Task data:
━━━━━━━━━━
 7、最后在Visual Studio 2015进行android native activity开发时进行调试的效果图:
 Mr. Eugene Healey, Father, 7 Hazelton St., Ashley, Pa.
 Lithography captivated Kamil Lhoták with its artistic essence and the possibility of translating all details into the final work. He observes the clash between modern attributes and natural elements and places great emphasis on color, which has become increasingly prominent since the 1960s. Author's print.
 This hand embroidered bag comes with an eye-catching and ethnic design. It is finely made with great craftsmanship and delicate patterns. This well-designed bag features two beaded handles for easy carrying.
━━━━━━━━━━
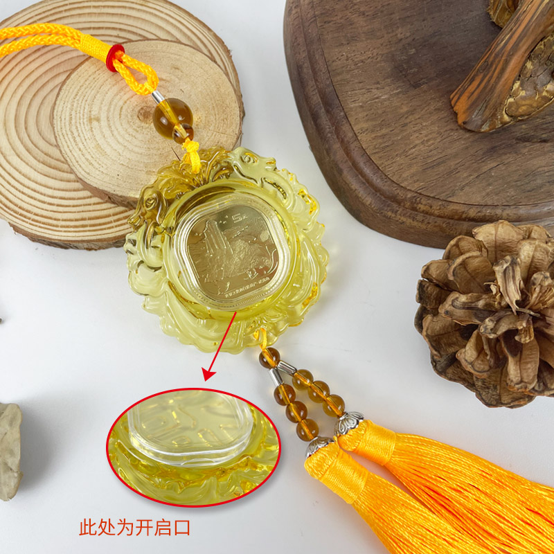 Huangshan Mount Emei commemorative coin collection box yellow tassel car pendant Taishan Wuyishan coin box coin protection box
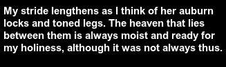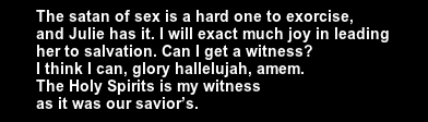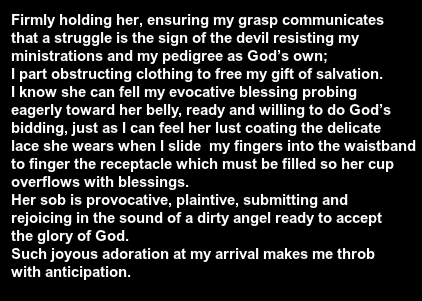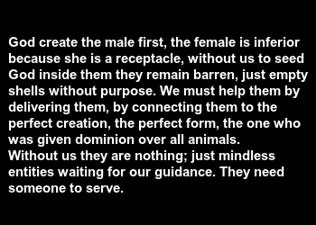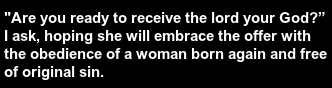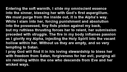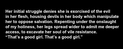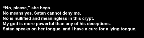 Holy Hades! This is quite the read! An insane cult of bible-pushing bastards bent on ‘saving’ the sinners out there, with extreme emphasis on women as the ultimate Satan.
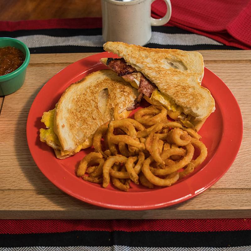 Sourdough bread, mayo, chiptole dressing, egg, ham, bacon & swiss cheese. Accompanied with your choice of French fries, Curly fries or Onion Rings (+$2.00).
━━━━━━━━━━
Task objective: From the material above, reproduce only what runs from the line holding "Huangshan Mount Emei" down to the line holding "Sourdough bread, mayo, chiptole", both included, pictures excluded.

Output of the task:
 Huangshan Mount Emei commemorative coin collection box yellow tassel car pendant Taishan Wuyishan coin box coin protection box
 Holy Hades! This is quite the read! An insane cult of bible-pushing bastards bent on ‘saving’ the sinners out there, with extreme emphasis on women as the ultimate Satan.
 Sourdough bread, mayo, chiptole dressing, egg, ham, bacon & swiss cheese. Accompanied with your choice of French fries, Curly fries or Onion Rings (+$2.00).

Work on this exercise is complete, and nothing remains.